-- Task goal --
Every record gets copied exactly, and no picture goes with it.

[Data excerpts]
═══
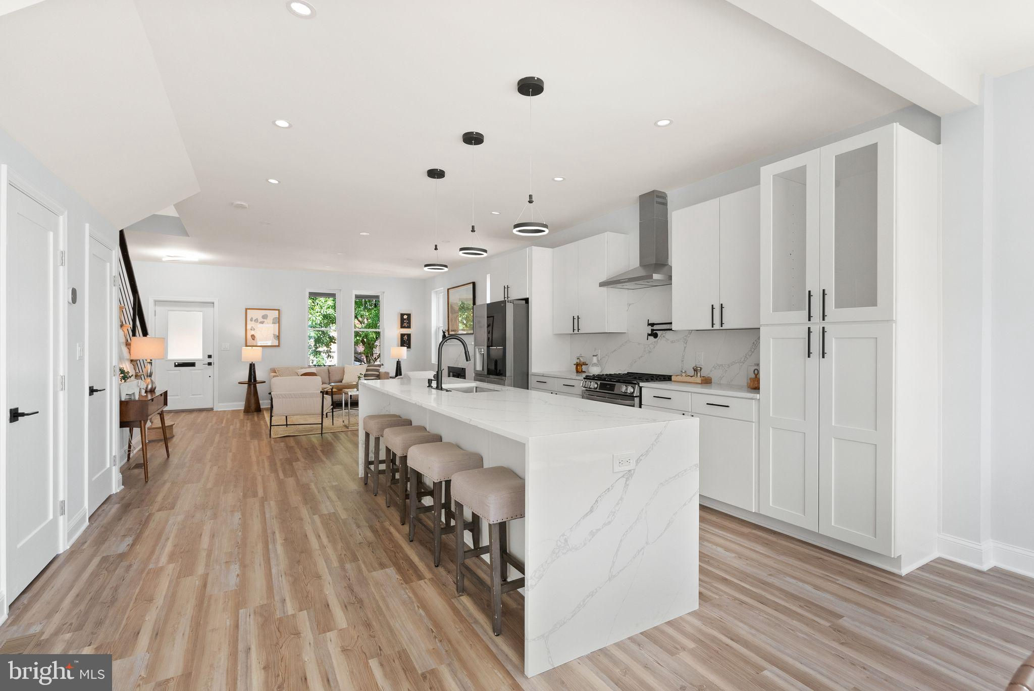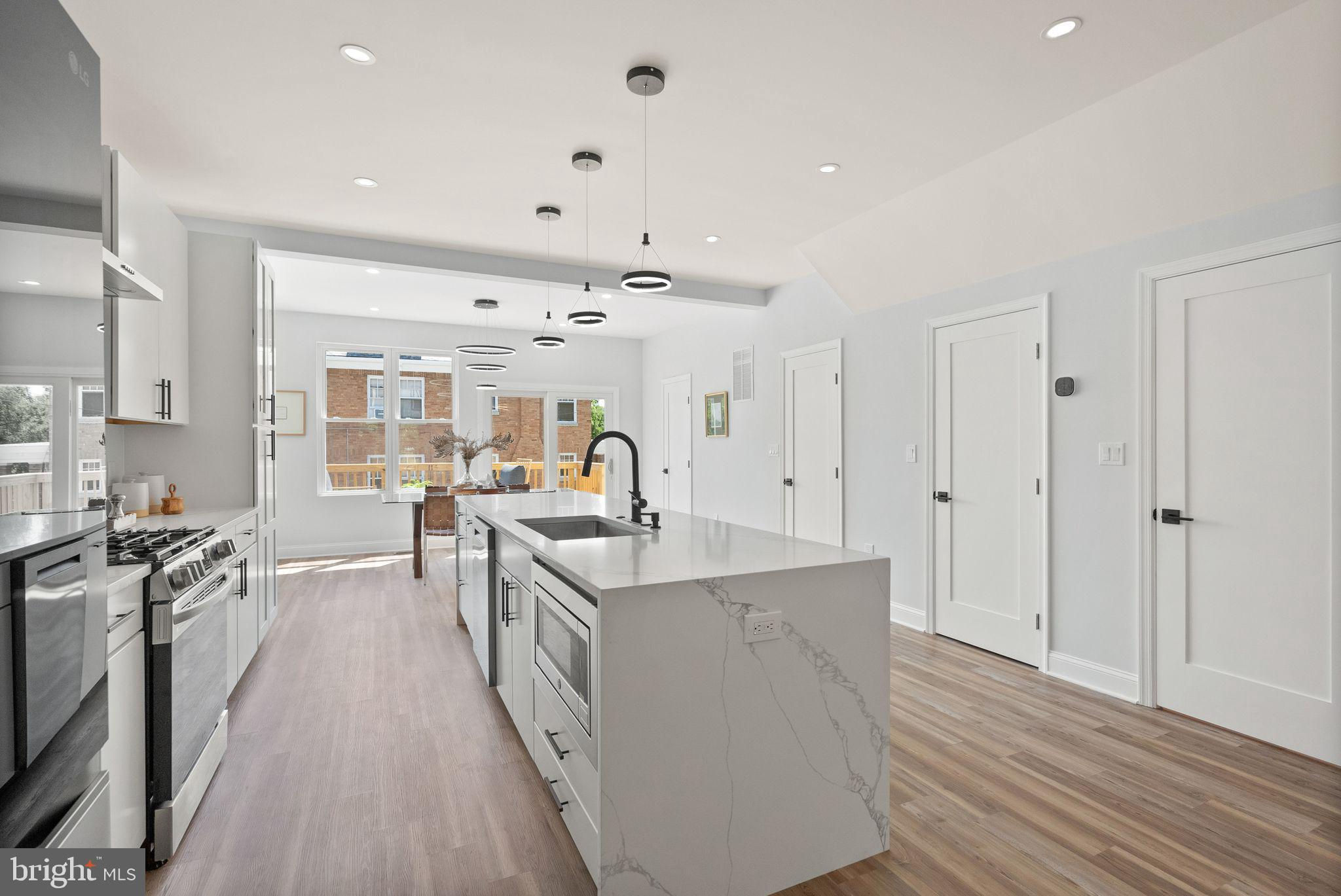 Welcome to your dream home in Brightwood, Washington DC, recently recognized by Washingtonian Magazine as one of the best places to live in 2024! This stunning townhome blends modern elegance with thoughtful design, perfect for those seeking a vibrant community with easy access to shops, restaurants, and schools. As you approach the property, you're greeted by a lovely porch—an inviting space ideal for sipping your morning coffee or unwinding with a glass of wine at the end of the day. Step inside to discover a spacious open-concept living area adorned with light-colored luxury vinyl plank flooring that enhances the airy feel of the home. The heart of this residence is the expansive kitchen, featuring a magnificent island with a built-in cooktop, stainless steel appliances, and a convenient dishwasher. The quartz kitchen and vanity countertop with a double waterfall island add a touch of luxury and sophistication to the space, perfect for both everyday living and entertaining. The lower level of this home is a true gem, featuring a vast living space complete with a full bath and kitchenette, as well as a bedroom at the basement. With its separate entrance, this area presents endless possibilities—whether as an income-generating rental space or an ideal suite for in-laws or guests. Venture upstairs to find three generously sized bedrooms, including a primary suite that boasts a luxurious bath with a shower and a hall bath, both equipped with double vanities for added comfort and functionality. With a dedicated two-car parking area, convenience is at your fingertips. The property also features the convenience of two sets of brand new laundry, with one located in the basement and another on the second floor. Additionally, the fully fenced backyard with new PVC fencing provides a private and secure outdoor space for relaxation and recreation. This home has been fully renovated with brand new electrical, plumbing, and HVAC systems, as well as a new roof in 2024 and brand new insulation all around the house, making it more energy-efficient. Located in a thriving neighborhood with an array of shops, restaurants, and schools just moments away, this townhome offers the perfect blend of comfort and convenience. Don't miss your chance to call this beautiful property home in one of Washington DC's most sought-after communities!
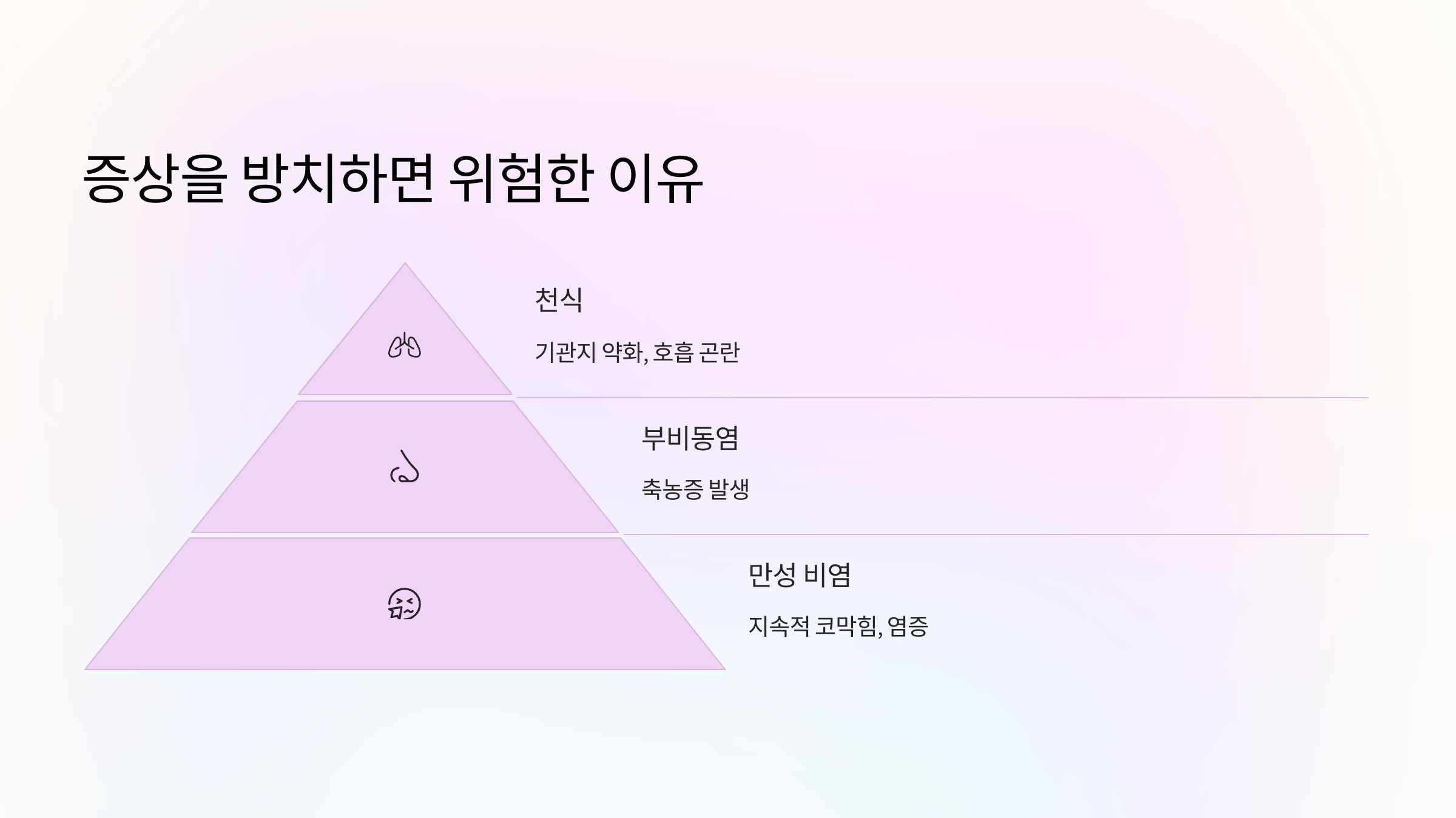 | 만성 비염 | 코막힘과 콧물이 지속되어 만성 염증으로 악화 |
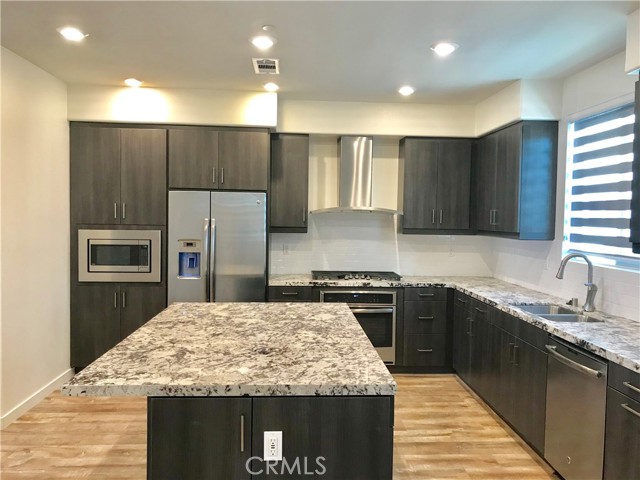 Welcome to your dream condo in the highly sought-after Great Park neighborhood! This stunning residence boasts beautiful laminate flooring throughout, creating a warm and inviting atmosphere from the moment you step inside. The main floor features a convenient bedroom and bathroom, along with an attached two-car garage wihich includes 240V outlet for charging an EV, providing both comfort and functionality. As you ascend to the second floor, you ll discover an expansive living room that seamlessly connects to a modern kitchen, equipped with sleek granite countertops, stainless steel appliances, upgraded cabinetry, and a stylish tile backsplash perfect for both cooking and entertaining. The third floor is a sanctuary, featuring a luxurious primary bedroom with an en-suite bathroom that boasts dual sinks and upgraded tile finishes. Two additional bedrooms, another well-appointed bathroom, and a laundry room complete this thoughtfully designed upper level. Step outside to your two private balconies: one off the living room, ideal for morning coffee, and the other connected to the primary bedroom, offering breathtaking views of the hills perfect for enjoying stunning sunsets. Community amenities are abundant, including a sparkling pool, soothing spa, tot lot, parks, sports court, and barbecue areas, catering to every lifestyle. Plus, the location offers easy access to shopping, freeways, and top-rated schools. This exceptional condo combines modern living with a vibrant community don t miss your chance to make it your own!Interested in this Listing?
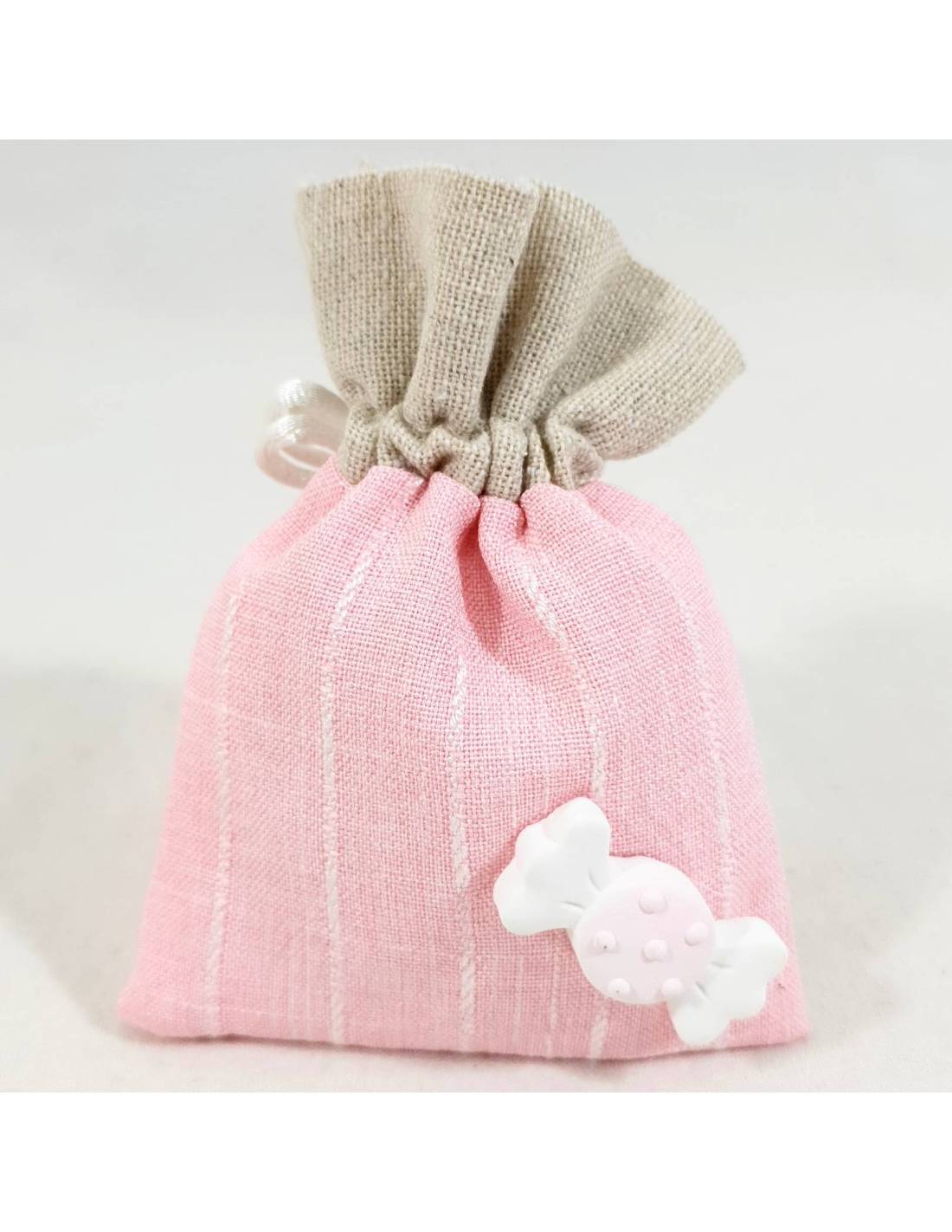 Un carinissimo sacchetto rosa in cotone e caramella gessetto
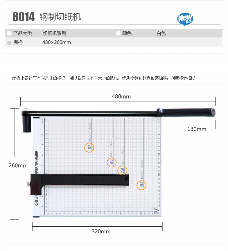 得力8014 手動裁紙刀 A4 鋼制切紙機(jī) 名片卡片相片切刀 切紙器切割 A4切紙刀
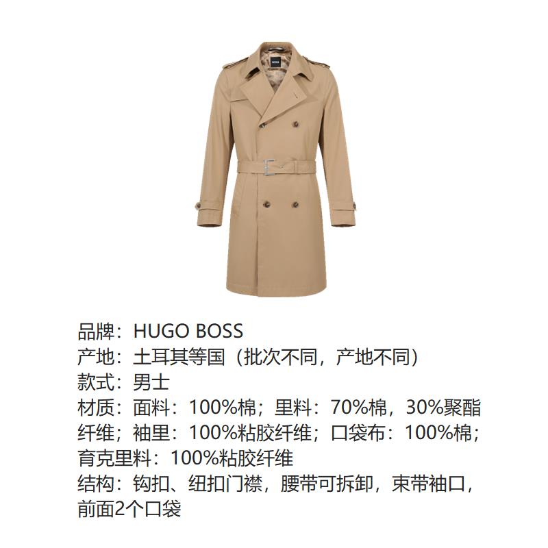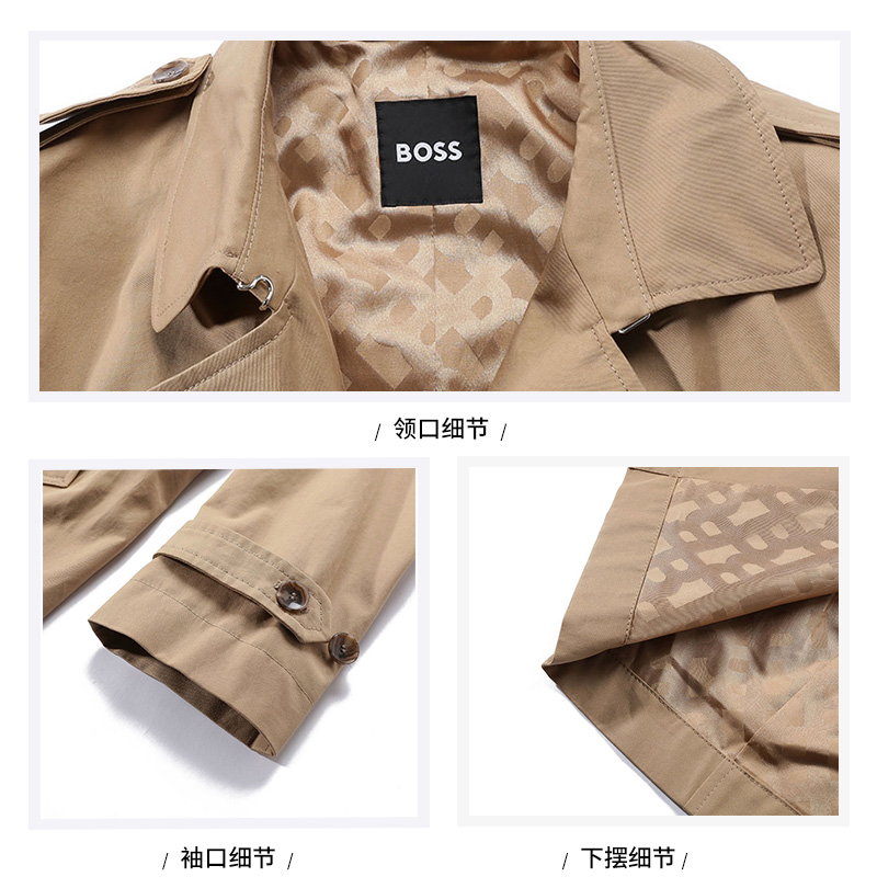 自营Hugo Boss 雨果博斯【新品】 男士black系列褐色中长款双排扣风衣大衣外套 50509585 282
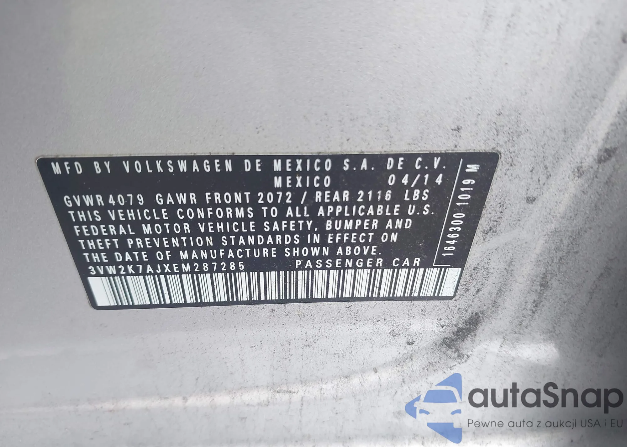 • VIN 3VW2K7AJXEM287285
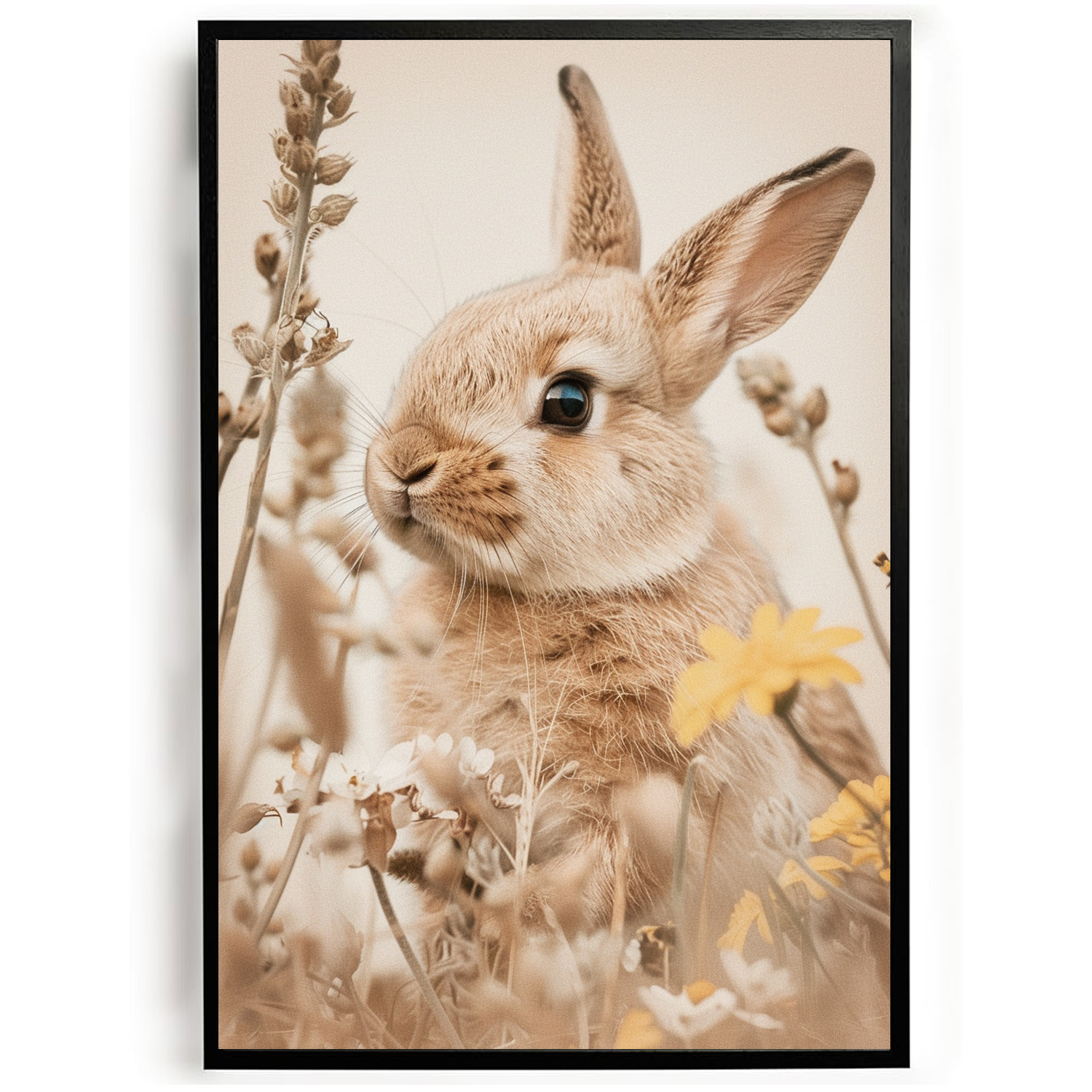 Ben je op zoek naar een schattige poster voor in de woonkamer, slaapkamer of op kantoor? Onze “Poster konijntje tussen de bloemen” is precies wat je nodig hebt!
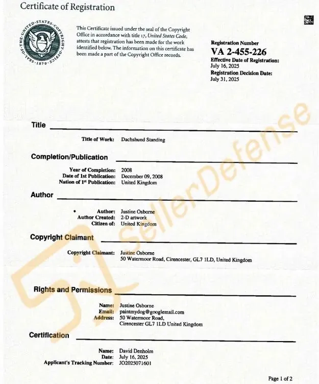 原告 Justine Osborne 是一位专业艺术家,二十多年来一直致力于狗狗肖像画创作。原告在全球范围内创作了五百多幅委托肖像画,同时还经营着一家成功的在线商店,销售额超过一万件。
═══
-- Written solution --
 Welcome to your dream home in Brightwood, Washington DC, recently recognized by Washingtonian Magazine as one of the best places to live in 2024! This stunning townhome blends modern elegance with thoughtful design, perfect for those seeking a vibrant community with easy access to shops, restaurants, and schools. As you approach the property, you're greeted by a lovely porch—an inviting space ideal for sipping your morning coffee or unwinding with a glass of wine at the end of the day. Step inside to discover a spacious open-concept living area adorned with light-colored luxury vinyl plank flooring that enhances the airy feel of the home. The heart of this residence is the expansive kitchen, featuring a magnificent island with a built-in cooktop, stainless steel appliances, and a convenient dishwasher. The quartz kitchen and vanity countertop with a double waterfall island add a touch of luxury and sophistication to the space, perfect for both everyday living and entertaining. The lower level of this home is a true gem, featuring a vast living space complete with a full bath and kitchenette, as well as a bedroom at the basement. With its separate entrance, this area presents endless possibilities—whether as an income-generating rental space or an ideal suite for in-laws or guests. Venture upstairs to find three generously sized bedrooms, including a primary suite that boasts a luxurious bath with a shower and a hall bath, both equipped with double vanities for added comfort and functionality. With a dedicated two-car parking area, convenience is at your fingertips. The property also features the convenience of two sets of brand new laundry, with one located in the basement and another on the second floor. Additionally, the fully fenced backyard with new PVC fencing provides a private and secure outdoor space for relaxation and recreation. This home has been fully renovated with brand new electrical, plumbing, and HVAC systems, as well as a new roof in 2024 and brand new insulation all around the house, making it more energy-efficient. Located in a thriving neighborhood with an array of shops, restaurants, and schools just moments away, this townhome offers the perfect blend of comfort and convenience. Don't miss your chance to call this beautiful property home in one of Washington DC's most sought-after communities!
 | 만성 비염 | 코막힘과 콧물이 지속되어 만성 염증으로 악화 |
 Welcome to your dream condo in the highly sought-after Great Park neighborhood! This stunning residence boasts beautiful laminate flooring throughout, creating a warm and inviting atmosphere from the moment you step inside. The main floor features a convenient bedroom and bathroom, along with an attached two-car garage wihich includes 240V outlet for charging an EV, providing both comfort and functionality. As you ascend to the second floor, you ll discover an expansive living room that seamlessly connects to a modern kitchen, equipped with sleek granite countertops, stainless steel appliances, upgraded cabinetry, and a stylish tile backsplash perfect for both cooking and entertaining. The third floor is a sanctuary, featuring a luxurious primary bedroom with an en-suite bathroom that boasts dual sinks and upgraded tile finishes. Two additional bedrooms, another well-appointed bathroom, and a laundry room complete this thoughtfully designed upper level. Step outside to your two private balconies: one off the living room, ideal for morning coffee, and the other connected to the primary bedroom, offering breathtaking views of the hills perfect for enjoying stunning sunsets. Community amenities are abundant, including a sparkling pool, soothing spa, tot lot, parks, sports court, and barbecue areas, catering to every lifestyle. Plus, the location offers easy access to shopping, freeways, and top-rated schools. This exceptional condo combines modern living with a vibrant community don t miss your chance to make it your own!Interested in this Listing?
 Un carinissimo sacchetto rosa in cotone e caramella gessetto
 得力8014 手動裁紙刀 A4 鋼制切紙機(jī) 名片卡片相片切刀 切紙器切割 A4切紙刀
 自营Hugo Boss 雨果博斯【新品】 男士black系列褐色中长款双排扣风衣大衣外套 50509585 282
 • VIN 3VW2K7AJXEM287285
 Ben je op zoek naar een schattige poster voor in de woonkamer, slaapkamer of op kantoor? Onze “Poster konijntje tussen de bloemen” is precies wat je nodig hebt!
 原告 Justine Osborne 是一位专业艺术家,二十多年来一直致力于狗狗肖像画创作。原告在全球范围内创作了五百多幅委托肖像画,同时还经营着一家成功的在线商店,销售额超过一万件。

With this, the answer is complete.